━━━ EXTRACTED MATERIAL

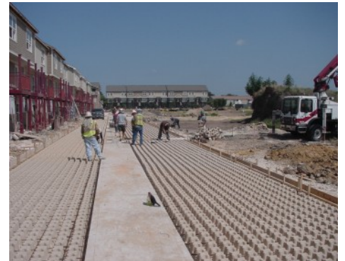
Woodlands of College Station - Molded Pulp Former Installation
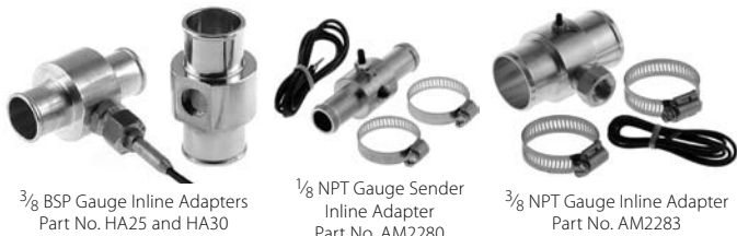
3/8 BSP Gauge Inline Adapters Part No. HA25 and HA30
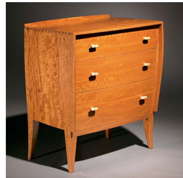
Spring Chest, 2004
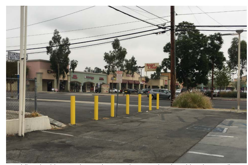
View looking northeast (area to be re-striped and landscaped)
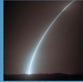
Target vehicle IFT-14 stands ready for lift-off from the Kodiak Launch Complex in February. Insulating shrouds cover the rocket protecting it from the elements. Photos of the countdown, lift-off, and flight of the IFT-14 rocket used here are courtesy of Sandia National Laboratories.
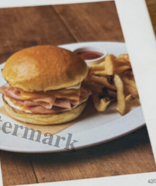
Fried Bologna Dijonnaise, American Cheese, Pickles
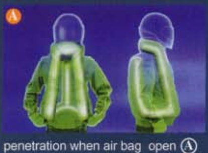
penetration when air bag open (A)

━━━━━━
━━━ EXTRACTED MATERIAL

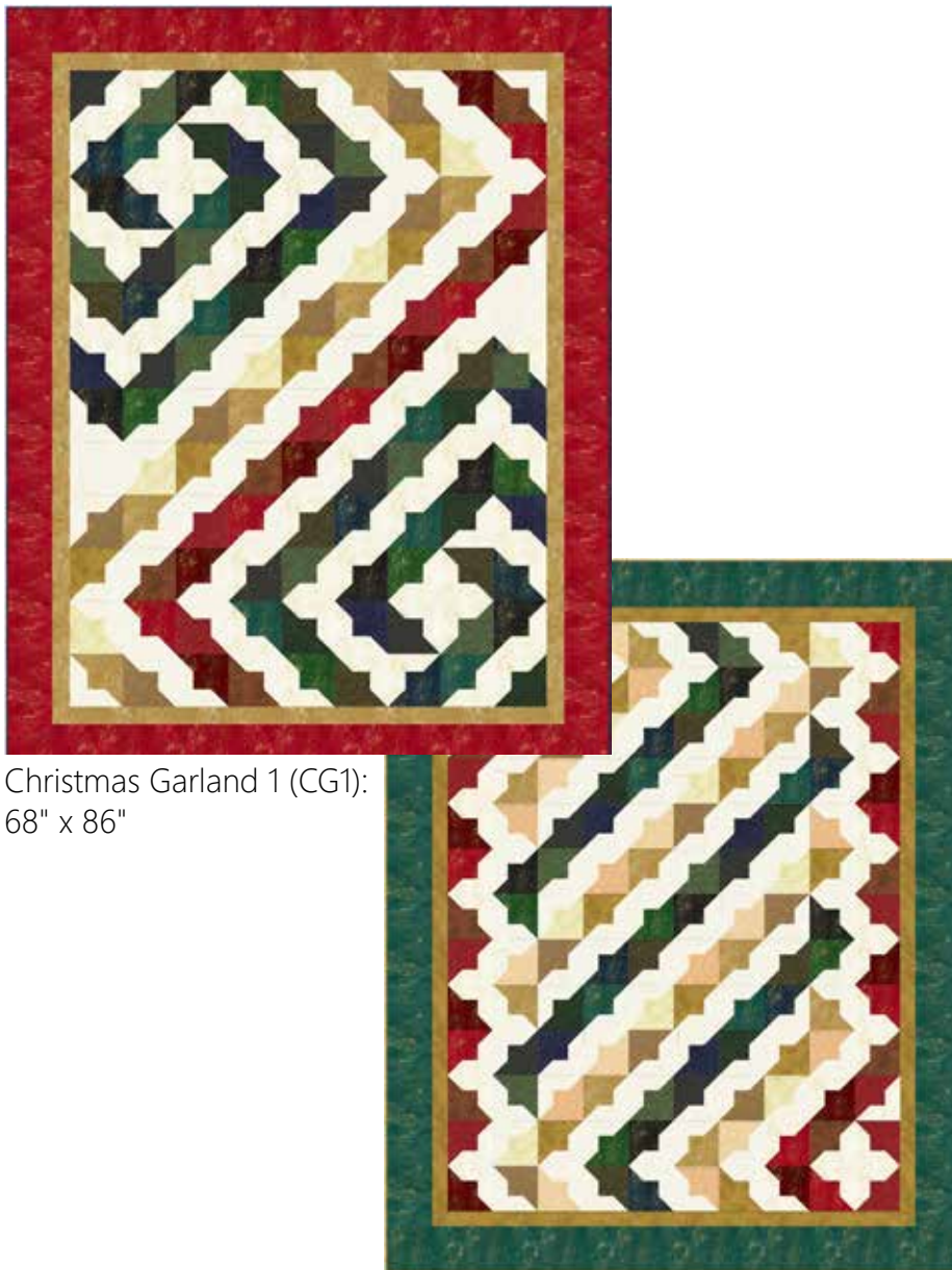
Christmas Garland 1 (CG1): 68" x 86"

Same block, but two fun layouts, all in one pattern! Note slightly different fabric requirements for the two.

━━━━━━

■ INSTRUCTIONS FOR THE TASK
Give again, word for word, every line of the listing above from the one with "Christmas Garland 1" to the one with "Same block, but", both inclusive, and nothing beyond them.

■ WRITTEN SOLUTION
Christmas Garland 1 (CG1): 68" x 86"

Same block, but two fun layouts, all in one pattern! Note slightly different fabric requirements for the two.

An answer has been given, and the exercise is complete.